Wednesday, November 12, 2014

Grief in Joy

A dear college friend of mine lost his wife recently.
It hit me hard.
The depth surprised me.
Because you see,
I was never blessed to meet her.
I knew that she was amazing
purely because he chose her as his bride.
It was a joy to see the amazing outpouring of love he showed her, the smile on his face, and to see the many adoring things she would tag him in on Facebook.
They loved each other so very much.
From what they chose to show the world
you never knew the pain of illness they were walking through.

I cannot begin to imagine what it is like to walk in his shoes right now.
The same day I heard the news,
I found myself in a tour of a church and standing before the grave of a dear friend and priest.
We had talked for years about his presiding over my wedding.
"God willing," he would say.
I would agree.
What else do you do when you are talking with a hero in your life
and they set the example of giving over everything to God?
I never wanted to think about the fact that God might not will it
and would shove the fear down into the corners of my mind
to be covered in the shadows unseen but lurking.

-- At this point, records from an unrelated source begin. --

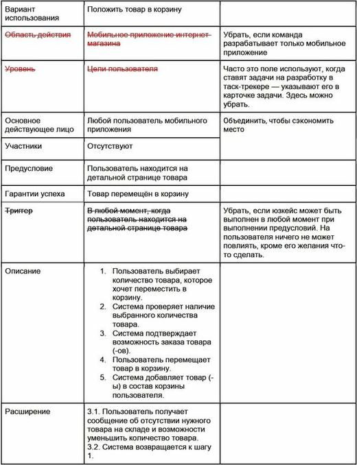 ● Не усложнять. Если хорошо знать теорию, то в структуре юзкейса разобраться просто. Главное — формулировать мысль так, чтобы коллеги её поняли. Не нужно писать слишком подробно или использовать деепричастные обороты, как в художественных произведениях. Предложения должны просто и коротко описывать, что должен сделать пользователь и что должна ответить система.
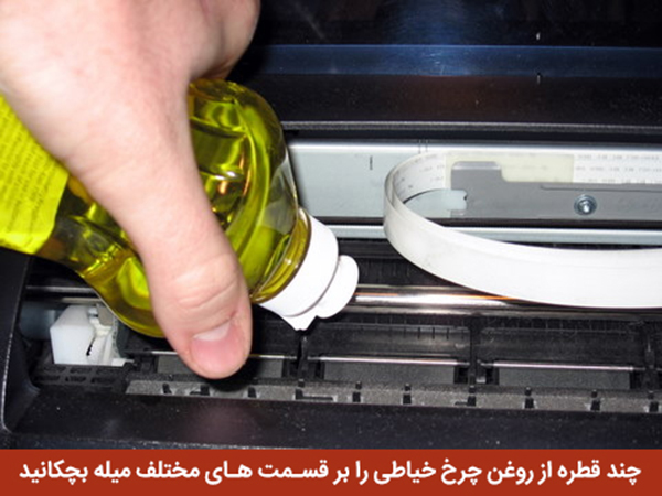بعد از مدتی از چاپ، ممکن است متوجه شوید از میله های انتقال دهنده کارتریج ها چاپگر،هنگام چاپ صدای قریچ قریچ از آن خارج می شود. این زمانی اتفاق می افتد که میله حالت چسبندگی به خود گرفته است یا خشک شده است و موتور انتقال دهنده نمی تواند به درستی بر روی آن حرکت کند. و موقع چاپ، حرکت آن را کند می کند.
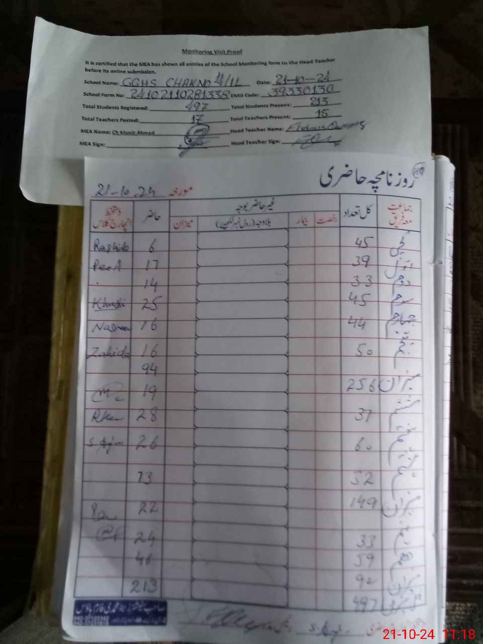 | Attendance Register | Head Teacher | MEA with School | Visit Proof |
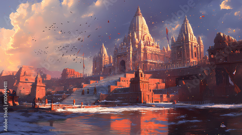 Shri ram mandir temple in ayodhya,birth place lord rama, january ,f pran pratishtha of shri ram. Hindu Temple. Illustration
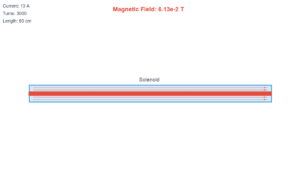 Solenoid Magnetic Field Simulation Solenoid Magnetic Field Simulation Current (A): Value: 8.0 A Number of Turns: Value: 2000 Length (cm):
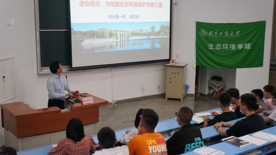 迎新會后,姚志良教授為同學們講授院長第一課。他向同學們介紹了我校和生態環境學院的歷史以及自己的人生經歷,并叮囑新生們:新時代青年人,要有夢想,敢奮斗,直面挫折,不畏挑戰,書寫時代篇章。
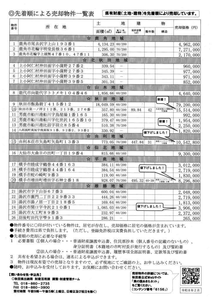 【秋田県】「県有財産売却のお知らせ」について 2026.02.03 秋田県出納局・財産活用課より、標記の件につきまして連絡がありましたのでお知らせいたします チラシのダウンロード☞ 県有地お売りします 公益社団法人全日本不動産協会秋田県本部 公益社団法人不動産保証協会秋田県本部 〒010-0951 秋田県秋田市山王5丁目9番11号 山王ガーデンビル1F-B 電話番号 / 018-827-7075 Fax番号 / 018-827-7076
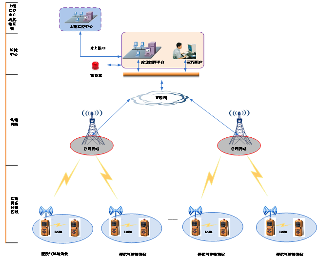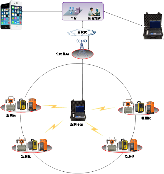 系統(tǒng)由區(qū)域監(jiān)測主機,區(qū)域監(jiān)測儀,便攜氣體檢測儀、移動APP及云平臺等部分組成。示意圖如下:
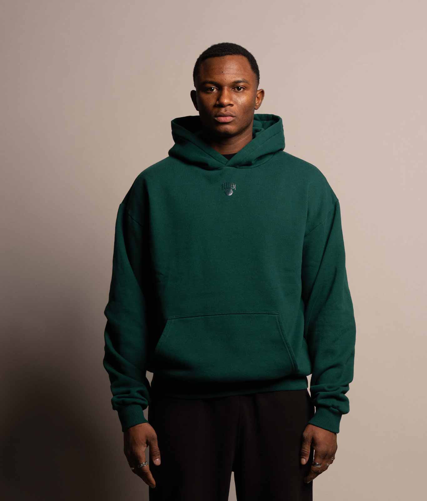 Details: 350g/m², leichter Oversize-Fit, lässige Schultern, starke Kapuze
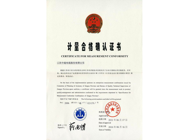 Honor > 计量合格认证书
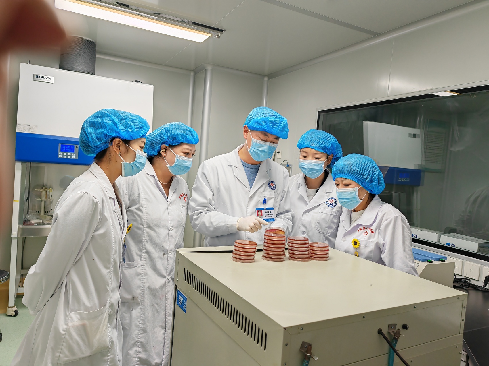 陈维刚(左三)在乡城县人民医院检验科开展沙门菌、志贺菌培养鉴定操作示教
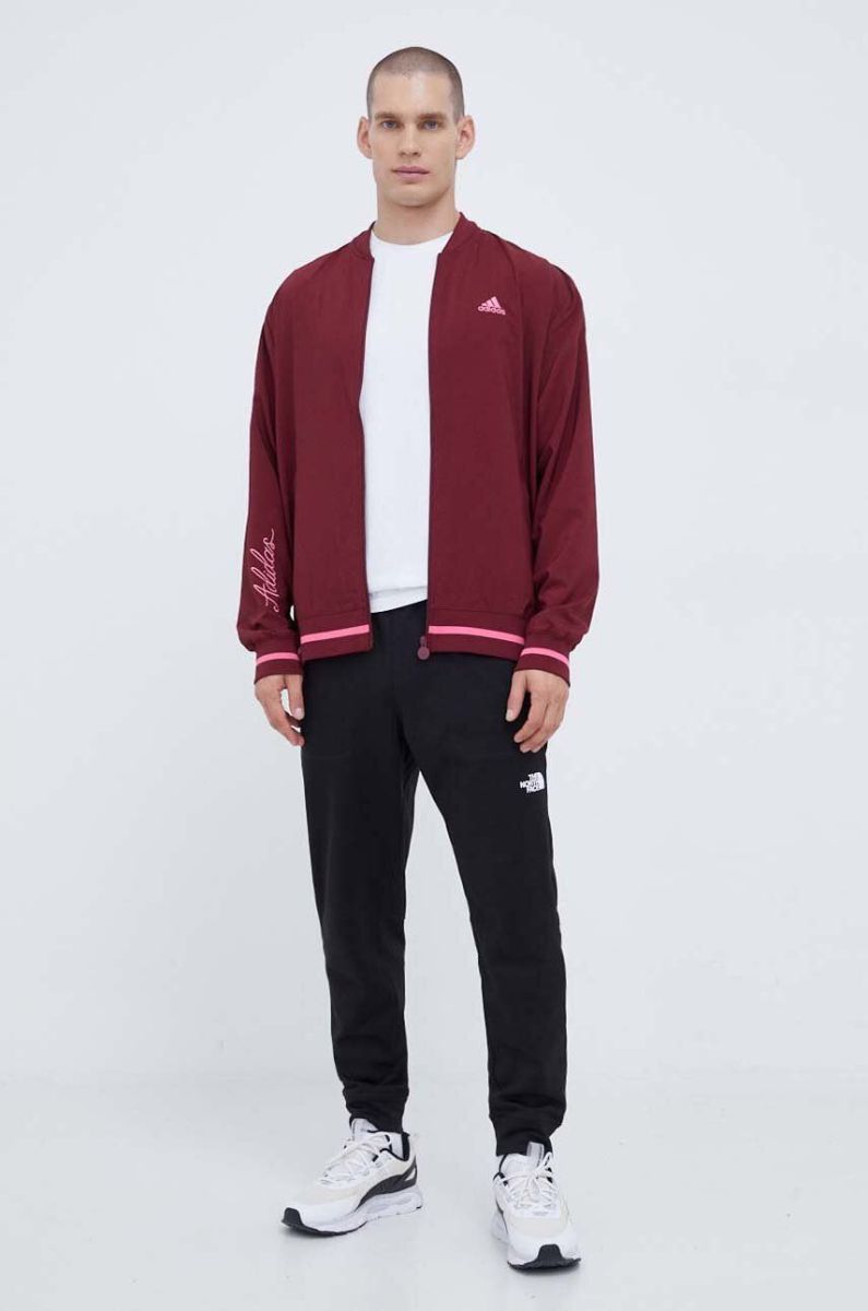 Куртка-бомбер adidas чоловічий колір бордовий перехідна
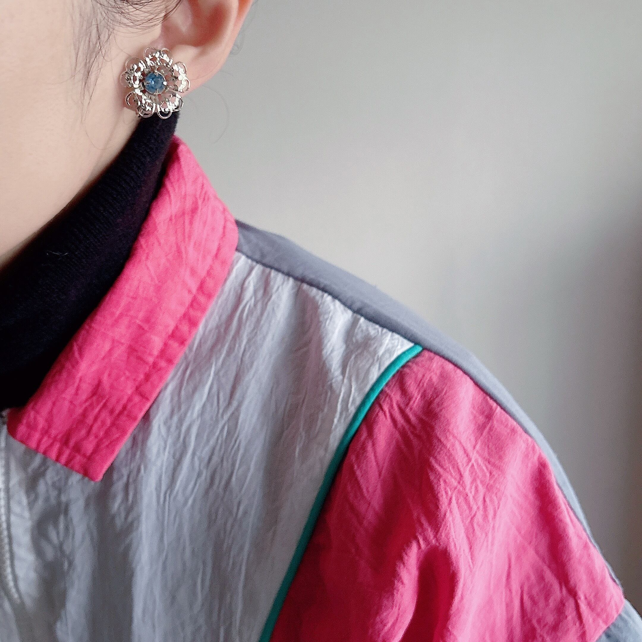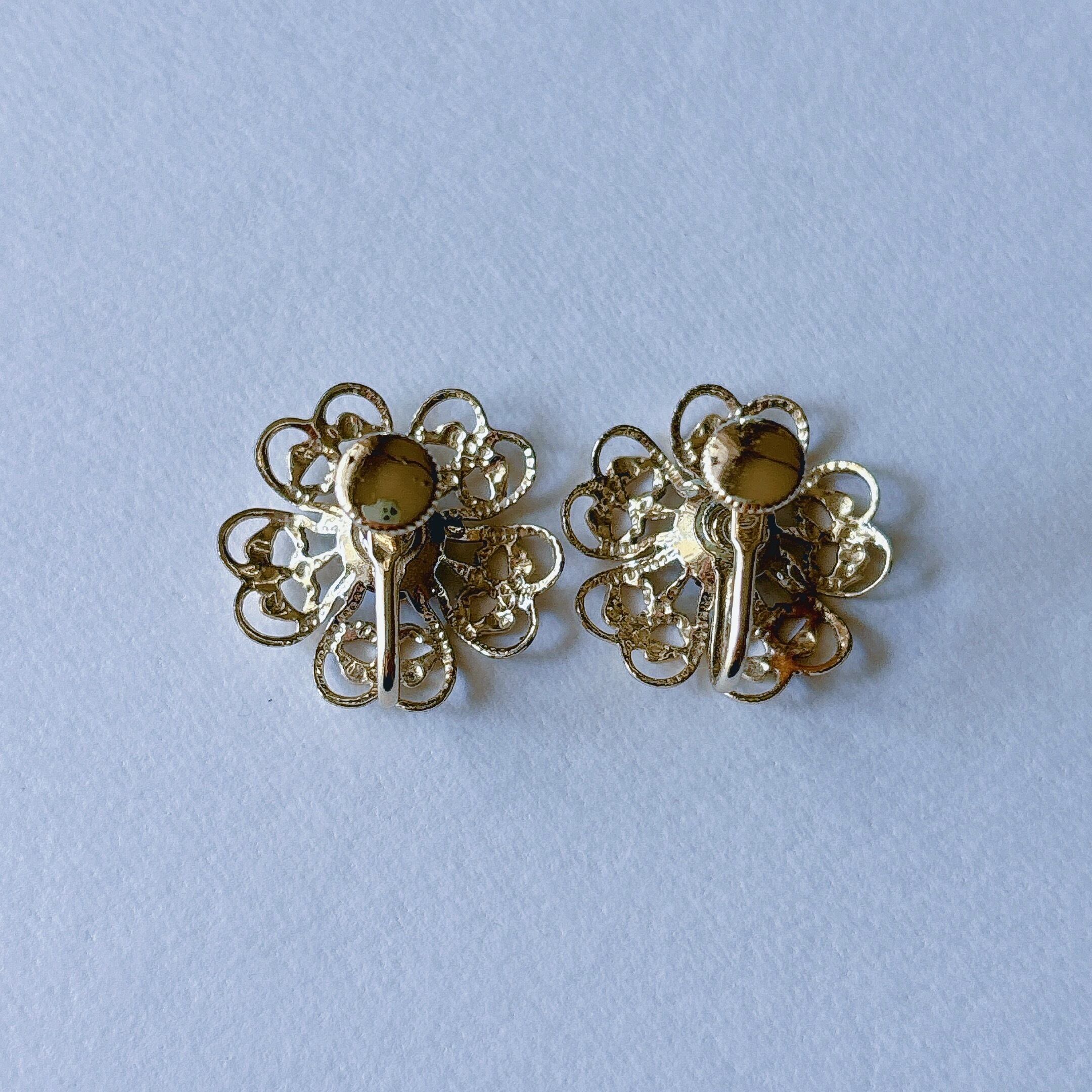 Vintage 50s - 60s gold tone filigree blue rhinestone flower earrings ヴィンテージ 50年代 - 60年代 ゴールドトーン フィリグリー ブルー ラインストーン フラワー 花 イヤリング | OBAKEPEACH
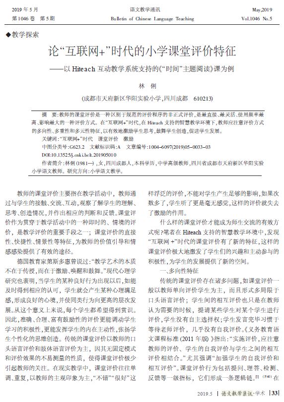 成都市天府新區(qū)華陽(yáng)實(shí)驗(yàn)小學(xué)林俐老師論文《論”互聯(lián)網(wǎng)+”時(shí)代的小學(xué)課堂評(píng)價(jià)特征-以Hiteach互動(dòng)教學(xué)系統(tǒng)支持的「”時(shí)間”主題閱讀」課為例》收錄于中國(guó)學(xué)術(shù)期刊《語文教學(xué)通訊》2019年5月,第1046 卷第5 期。

As I stood there looking at his grave,
reading his name, the dates, and mulling over conversations in my head I heard,
"I'll be there no matter what, you know that."
Yes. I knew it when he said it.
I knew it now, but it did not take away the thought which screamed in my head,
"You are supposed to be here."

By the exit in the Church a book of names resided.
This book was full of all the dead that we remember in our prayers throughout the year.
I went over and wrote her name in the book.
I wrote the names of my fiancé's grandparents and family that I have never met.
Something was comforting about it.
By writing their names down I felt like I was reaching out and telling them,
"You are not forgotten."
"I wish I would have known you."
This past week I have been walking with this grief.
Mulling it over in my head.
 At first I thought my grief was for him and their son.
I know a part of it is.
I know him.
He has always been the perfect example of a brother in Christ to me.
It makes perfect sense to grieve with him.
Yet, there still seemed like something was missing.
Until I pieced together the many thoughts of that day.

One of the many things I had looked forward to at our wedding was the opportunity of meeting this beautiful woman who had captured the heart of someone I admire deeply
and their young son.
I wanted to tell her the important role her husband played in my life.
I wanted to get to know her.
I wanted to be her friend.
I had lost some of that.

Isn't that why we grieve?
Because we have lost something.
We mourn the loss of things
and sometimes we mourn the loss of a dream.

In the midst of their loss it can be hard to see the beauty that remains.
I was confused.
How can I be so happy planning for a joyous time in my life,
when there is such pain touching those I love?
When there is this hole in my heart of people missing from it?
How can I be celebrating a dream come true while simultaneously mourning the loss of people that I planned to have there celebrating with me?

The only thing I knew to do was cling onto something solid.
To cling to the fact that I know there is life after this.
To cling to the truth that even though I cannot see, hear, or feel them,
the people I miss are here in a new way.
And as my grandmother would say,
we are all together clinging to the same rugged cross.




  1. I'm so sorry to hear that! Hope is one of my favorite parts of being a Christian, because it's the virtue that reminds us that even in the darkest times, the end is not the end.